TASK PROMPT: Repeat the data that follows exactly, starting at the line with "Теперь помещаем в" and ending at the line with "ACAPULCO, GUERRERO, 07JULIO2020.- Ante", and leave out every picture.

EXERCISE DATA:
= = = =

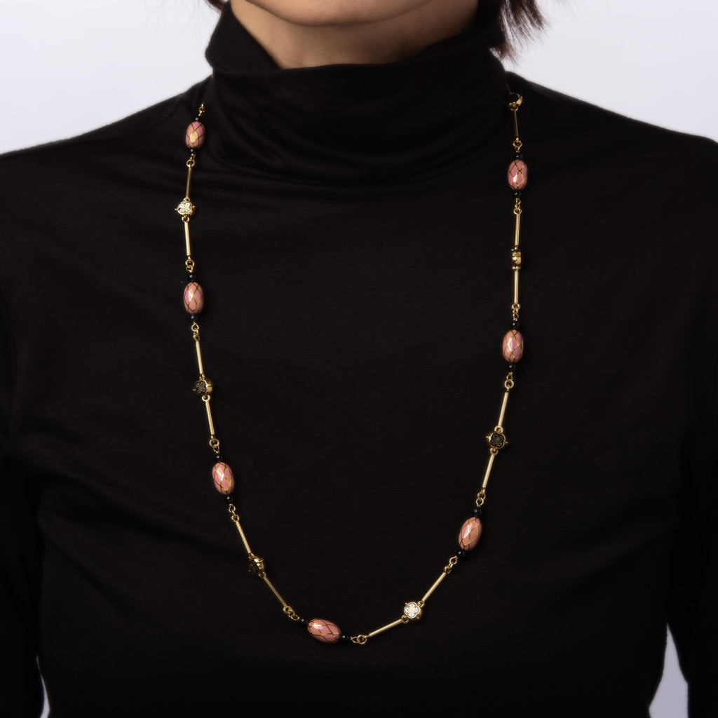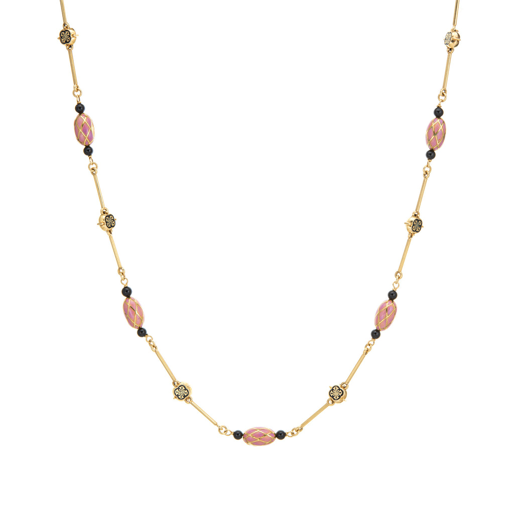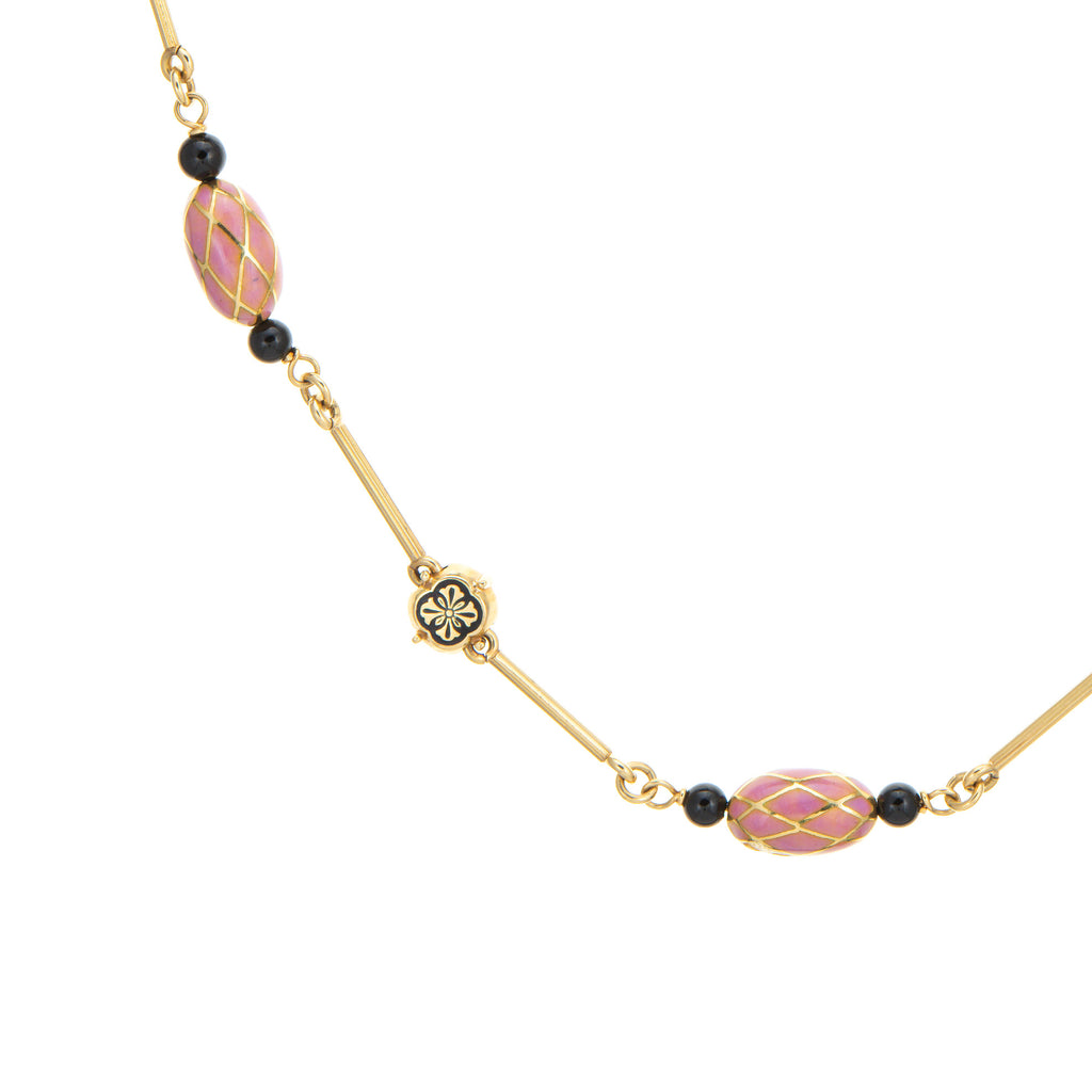The beautifully crafted necklace features pink enameled orbs framed with black onyx beads to both ends, with an alternating pattern of smaller black enameled floral panels. The necklace is long at 27 inches with a hefty feel of 44.4 grams, a great piece to wear alone or layered with your fine jewelry from any era.
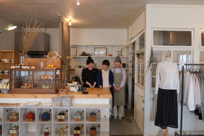 今回は、神辺町で雑貨とおやつのお店「暮らしとおやつ ひらひら」を運営する柳田さん、石元さん、小田原さんの3人に、仲間と手を取り合う暮らしについて伺いました。
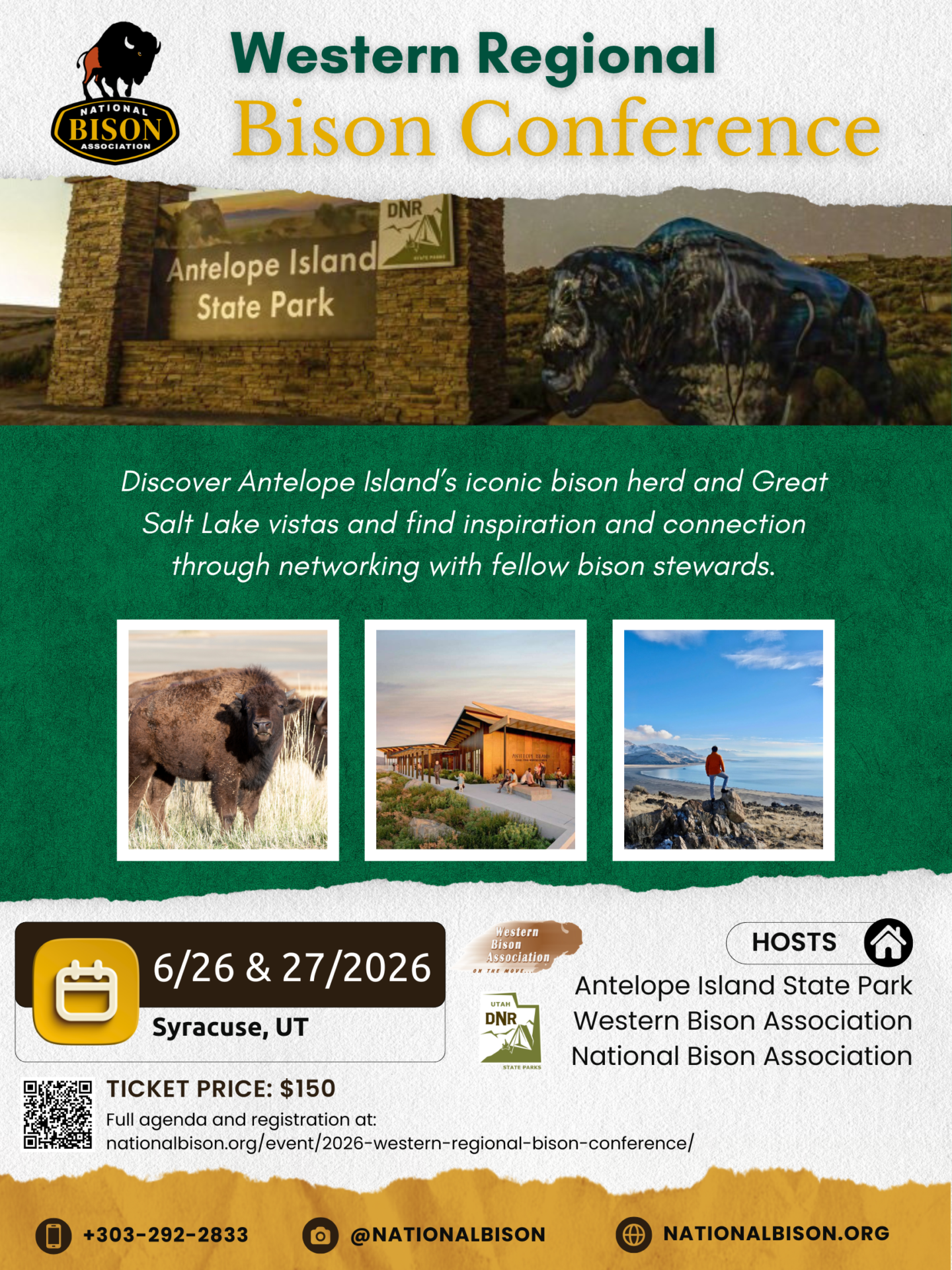 Discover Antelope Island’s iconic bison herd and Great Salt Lake vistas and find inspiration and connection through networking with fellow bison stewards.
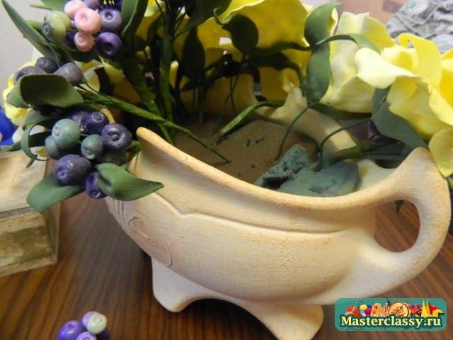 Теперь помещаем в кашпо или другую емкость основу из пенопласта. И начинаем, втыкая заготовки цветов и ягод в нее, формировать букет.
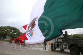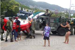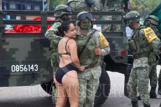 ACAPULCO, GUERRERO, 07JULIO2020.- Ante los fuertes vientos provocados por la tormenta Cristina que afecta las costas de Guerrero soldados resguardaron la bandera que se encuentra en la asta de la playa Papagayo, situación que algunas turistas aprovecharon para tomarse algunas fotos con el personal militar. FOTO: CARLOS ALBERTO CARBAJAL/CUARTOSCURO.COM
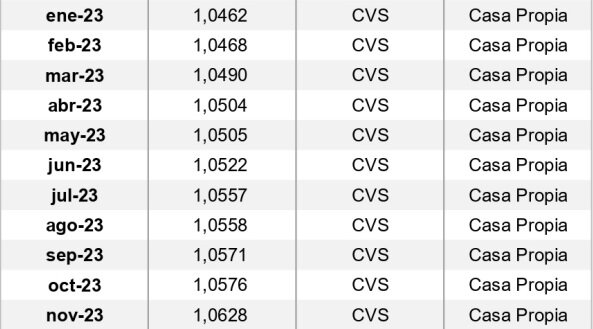 Para calcular el aumento del alquiler, primero es necesario obtener los valores del coeficiente Casa Propia de los últimos seis meses y multiplicarlos entre sí. Luego, ese resultado se multiplica por la cuota de alquiler actual. A continuación, se presenta un ejemplo utilizando el caso de alguien que ha estado pagando un alquiler de $70,000 desde mayo de 2023 y necesita saber cuánto deberá pagar a partir de noviembre de 2023:
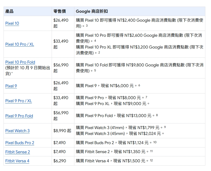 要提醒的是,消費點數將於訂單發貨後 24 小時內發放至帳戶,並僅限下次在臺灣 Google 商店使用。Pixel 10 Pro Fold 預計於2025年10月9日開始出貨。
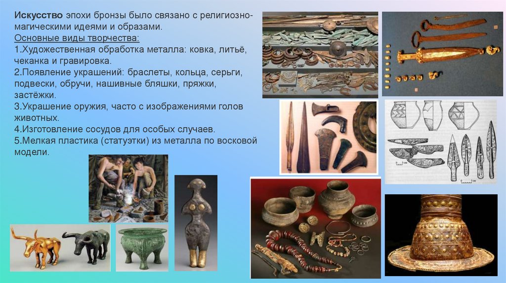 Искусство эпохи бронзы было связано с религиозномагическими идеями и образами.Основные виды творчества:
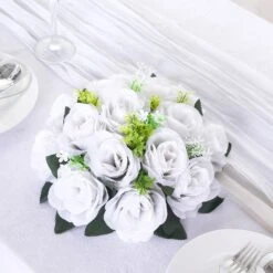 2 Pack Artificial Flower Ball Bouquets For Centerpieces 15-Head Silk Rose Kissing Balls 10″
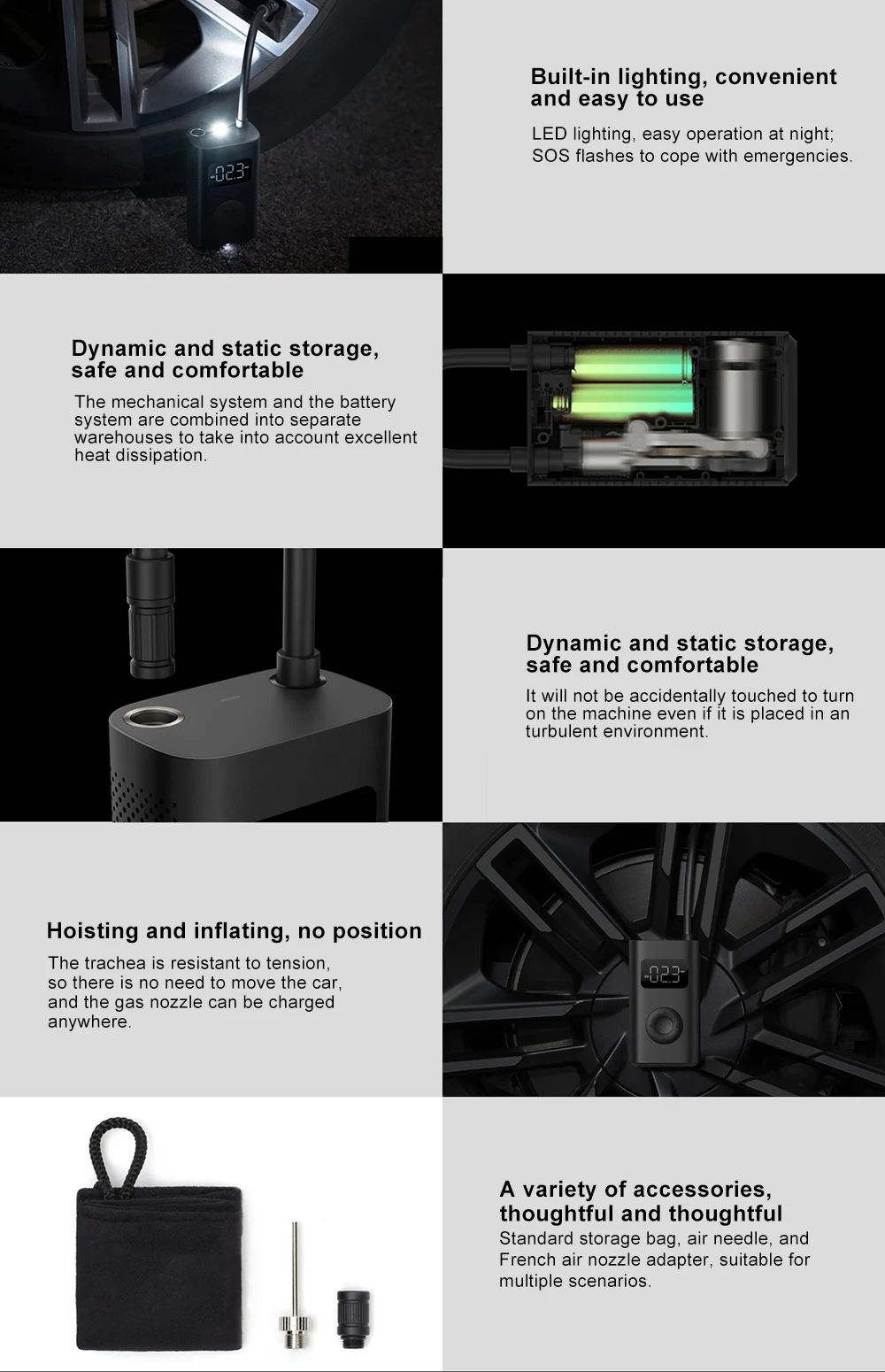 Электрический насос Xiaomi Mijia, портативный воздушный насос 1s Mini LED, умный цифровой датчик давления для велосипеда, мотоцикла, автомобиля, шин, футбола
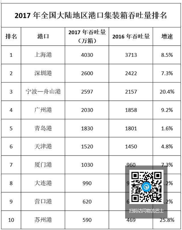 深圳港艰难保持住了第二名的位置,不过已经岌岌可危了。领先第三名宁波—舟山港数万标箱,要知道后者的增速超过了20%.所以没有意外的话2018年深圳港就将滑落第三。
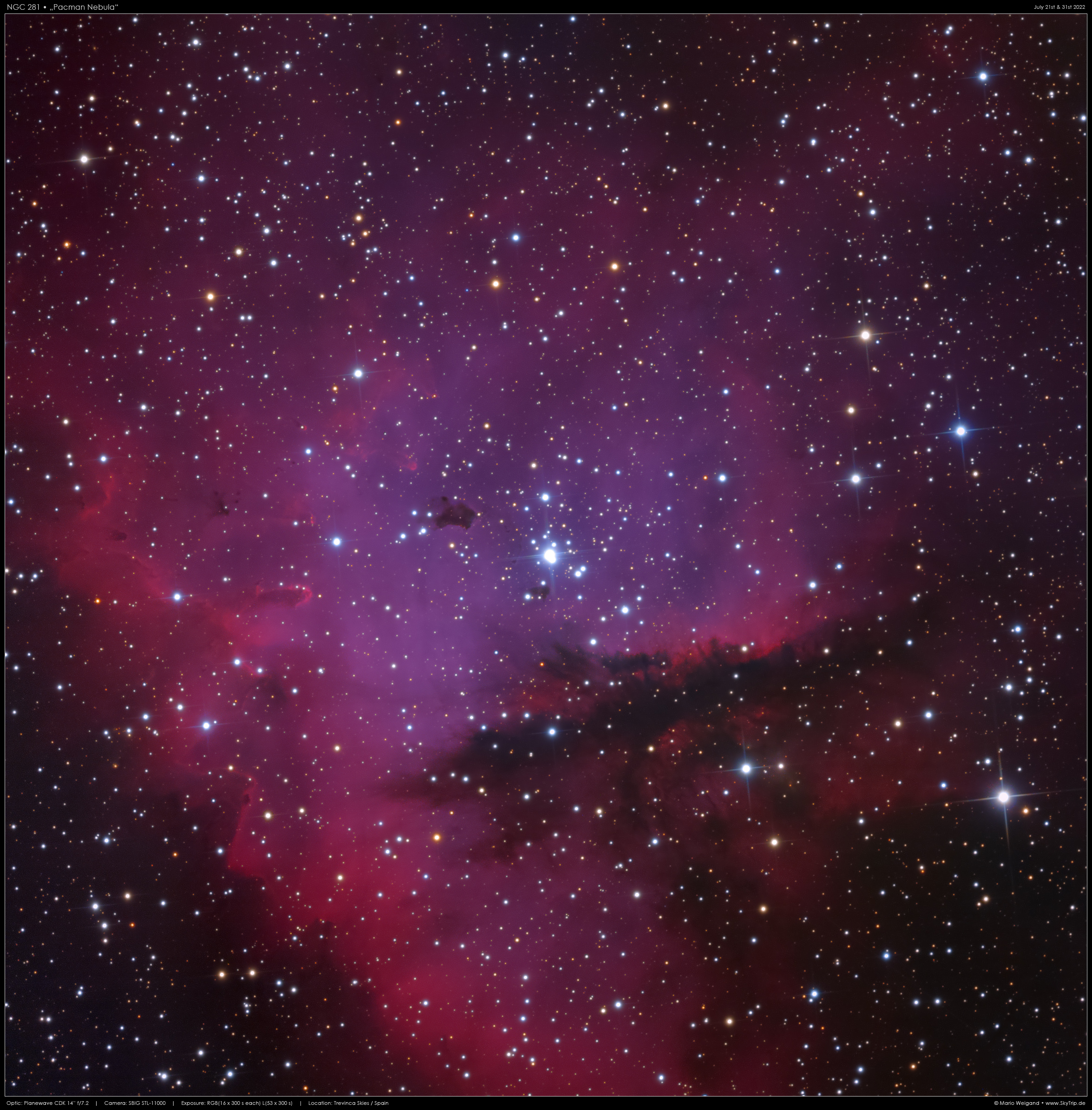 Im Sternbild Kassiopeia findet man ungefär 1,75 Grad westlich von Schedar die 30 bis 35 Bogenminuten große HII-Region. In ihr entstehen Sterne, woraus sich bereits ein Sternhaufen gebildet hat, der mit IC 1590 bezeichnet wird. Das hellste Mitglied von IC 1590, das Mehrfachsternsystem BD +55° 191 (HD 5005), ist die ionisierende Quelle des Nebels. Der Nebel steh in etwa 9500 Lichtjahren Entfernung. Ein sehr interessantes »Feature« des Nebels sind mehrere schöne Bok-Globulen, in denen durch Infrarotaufnahmen Anzeichen für Sternentstehung festgestellt werden konnten. Einige davon sind auch auf der Aufnahme zu erkennen. Die Aufnahme entstand in drei Nächten mit einem Remote-Teleskop in Spanien. Insgesamt wurden rund 8,4 Stunden mit der SBIG STL-11000M am Planewave CDK 14" belichtet. http://www.skytrip.de

= = = =

WRITTEN RESPONSE:
 Теперь помещаем в кашпо или другую емкость основу из пенопласта. И начинаем, втыкая заготовки цветов и ягод в нее, формировать букет.
 ACAPULCO, GUERRERO, 07JULIO2020.- Ante los fuertes vientos provocados por la tormenta Cristina que afecta las costas de Guerrero soldados resguardaron la bandera que se encuentra en la asta de la playa Papagayo, situación que algunas turistas aprovecharon para tomarse algunas fotos con el personal militar. FOTO: CARLOS ALBERTO CARBAJAL/CUARTOSCURO.COM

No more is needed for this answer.